For the year ended December 31, 2010, the Company filed its reserves information under National Instrument 51-101 – “Standards of Disclosure of Oil and Gas Activities” (”NI 51-101”), which prescribes the standards for the preparation and disclosure of reserves and related information for companies listed in Canada.  For years prior to 2010, the Company was granted an exemption from certain provisions of NI 51-101 allowing the Company to substitute SEC requirements under Regulations S-K and S-X for certain disclosures required under NI 51-101. Such exemption expired on December 31, 2010.
 
There are significant differences to the type of volumes disclosed and the basis from which the volumes are economically determined under the SEC requirements and NI 51-101.  The SEC requires disclosure of net reserves, after royalties, using 12-month average prices and current costs; whereas NI 51-101 requires gross reserves, before royalties, and future net revenue under forecast pricing and costs.  Therefore the difference between the reported numbers under the two disclosure standards can be material.
 
For the purposes of determining proved crude oil and natural gas reserves for SEC requirements as at December 31, 2010 and 2009, the Company used the 12-month average price, as defined by the SEC as the unweighted average price of the first day of the month within the 12-month period prior to the end of the reporting period. Prior to December 31, 2009 year end prices and costs were used in the reserves estimates. The Company has used the following 12-month average benchmark prices to determine its 2010 reserves for SEC requirements.
 
Crude Oil and NGLs
     
Natural Gas
 
WTI Cushing Oklahoma
WCS
Edmonton
Par
North Sea
Brent
Edmonton
C5+
Henry Hub
Louisiana
AECO
BC Westcoast
Station 2
(US$/bbl)
(C$/bbl)
(C$/bbl)
(US$/bbl)
(C$/bbl)
(US$/MMbtu)
(C$/MMbtu)
(C$/MMbtu)
79.43
67.40
77.98
79.02
84.43 
4.38 
4.06 
3.92 
 
A foreign exchange rate of US$0.967/C$1.00 was used in the 2010 evaluation.
 
NET PROVED CRUDE OIL AND NATURAL GAS RESERVES
 
The Company retains Independent Qualified Reserves Evaluators to evaluate the Company’s proved crude oil and natural gas reserves.

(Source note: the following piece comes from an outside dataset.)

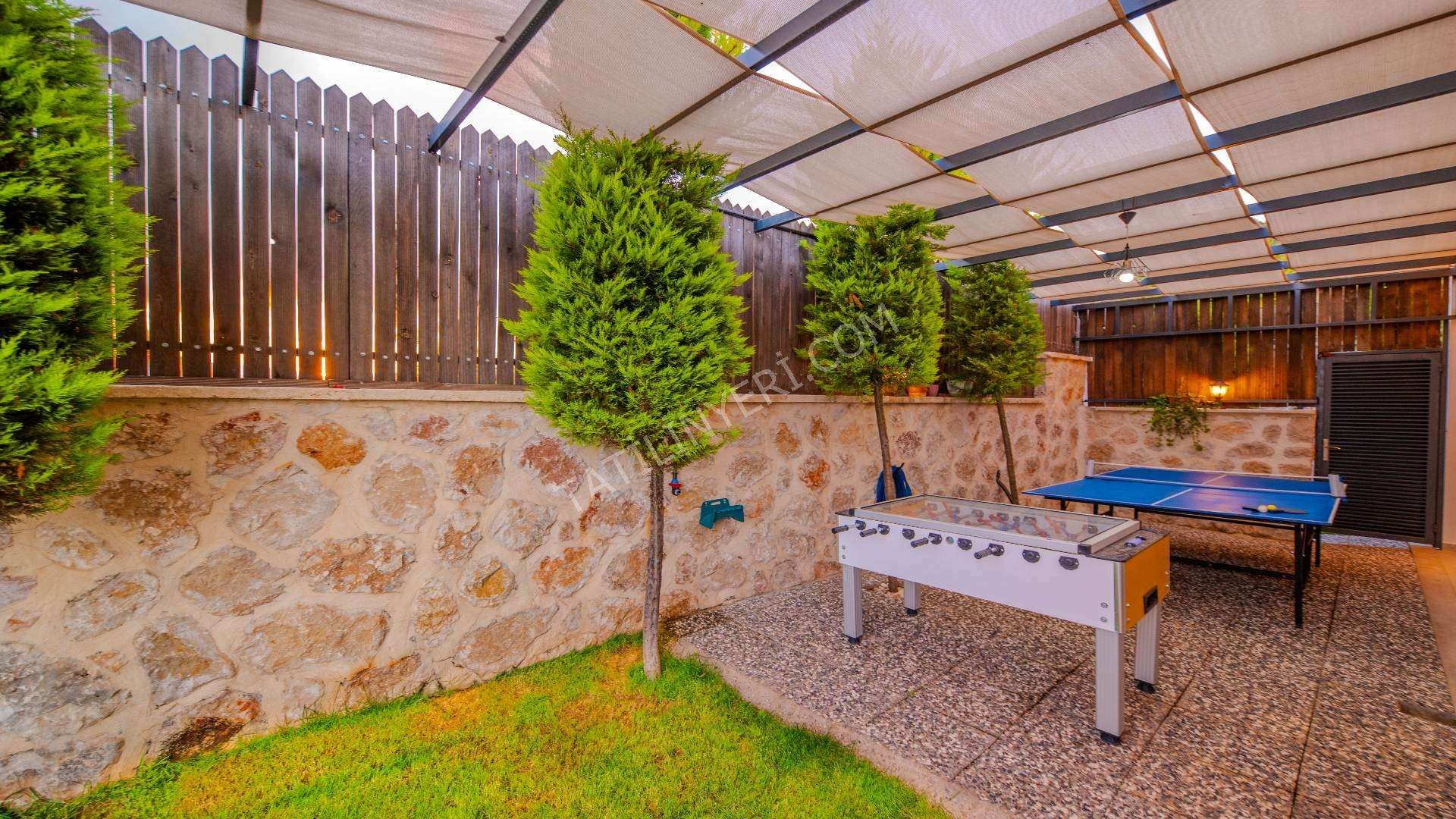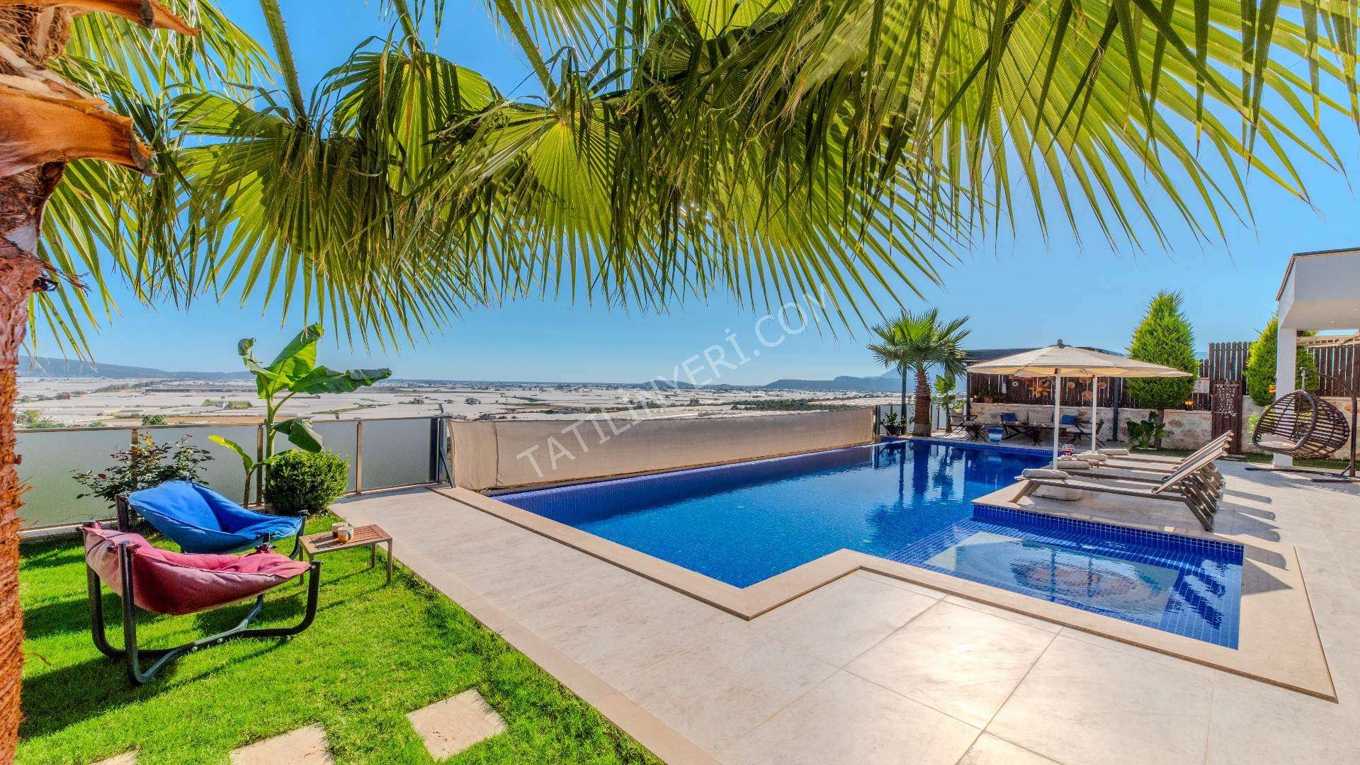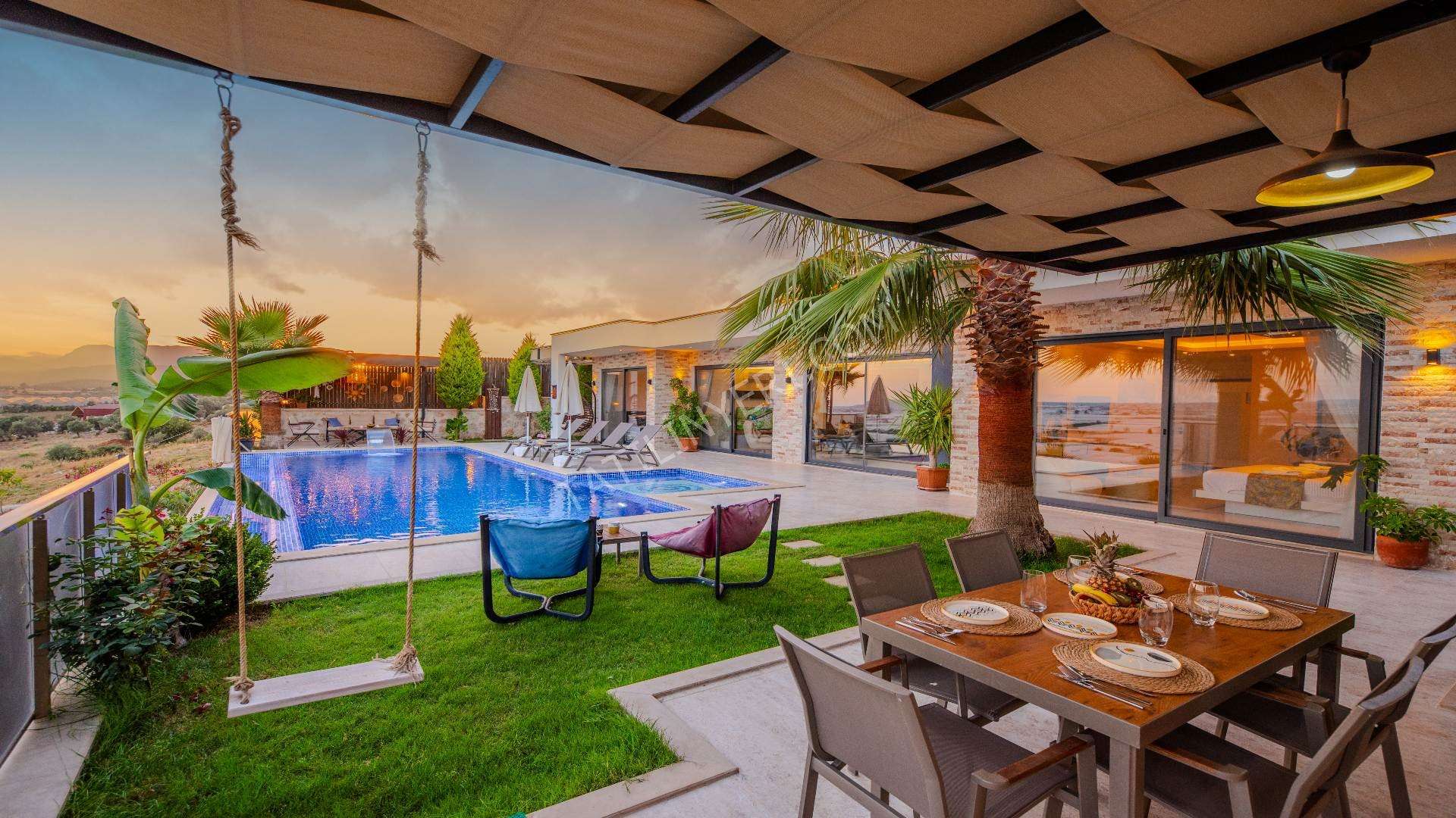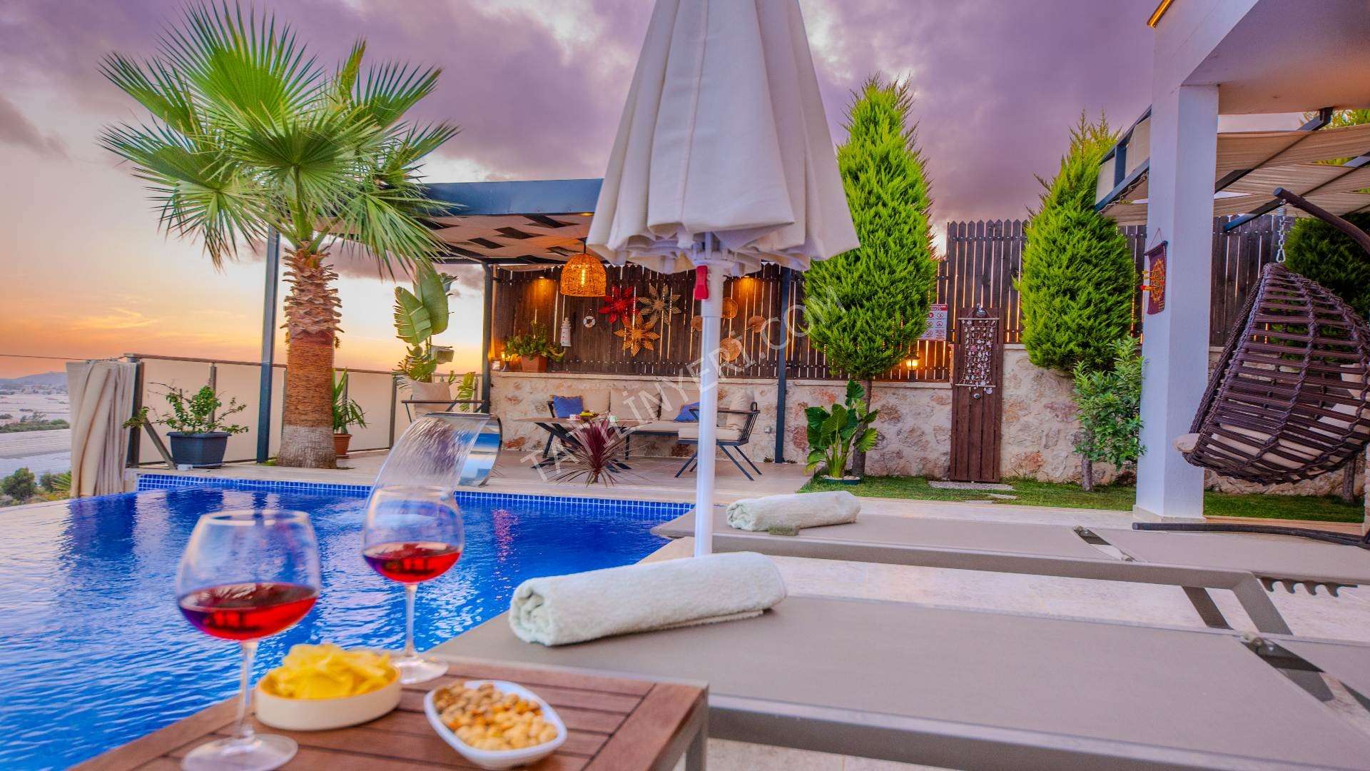 Villanın geniş bir bahçesi, tamamen korunaklı 12x4 metre boyutlarında özel bir havuzu bulunmaktadır. Suit yatak odasında yer alan jakuzi ve sauna, tatilinize ekstra keyif ve rahatlık katar.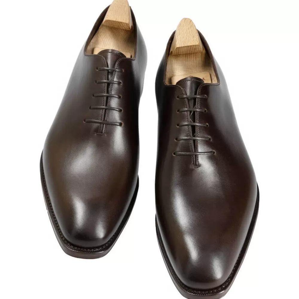Zapatos oxford enterizos en becerro marrón.Acabadas con suela de cuero y forro de becerro.Este zapato al igual que todos los Carmina está manufacturado cuidadosamente por artesanos expertos y siguiendo las mismas técnicas que Charles Goodyear concibió en el año 1869.Para este modelo hemos elegido la horma Rain, por su versatilidad en estilo, ya que funciona perfectamente como zapato elegante y a la vez semi-sport. La Rain es un horma bien proporcionada con buen calce tanto en empeine como en punta.

For the years ended December 31, 2010 and 2009, the reports by GLJ Petroleum Consultants Ltd. (“GLJ”) covered 100% of the Company’s synthetic crude oil reserves.  With the inclusion of the non-traditional resources within the definition of “oil and gas producing activities” within the SEC’s modernization of oil and gas reporting rules (“Final Rule”), effective January 1, 2010 these reserves volumes are now included within the Company’s crude oil and natural gas reserves totals.
For the years ended December 31, 2010, 2009, and 2008, the reports by Sproule Associates Limited and Sproule International Limited (together as “Sproule”) covered 100% of the Company’s bitumen, crude oil and natural gas liquids and natural gas reserves.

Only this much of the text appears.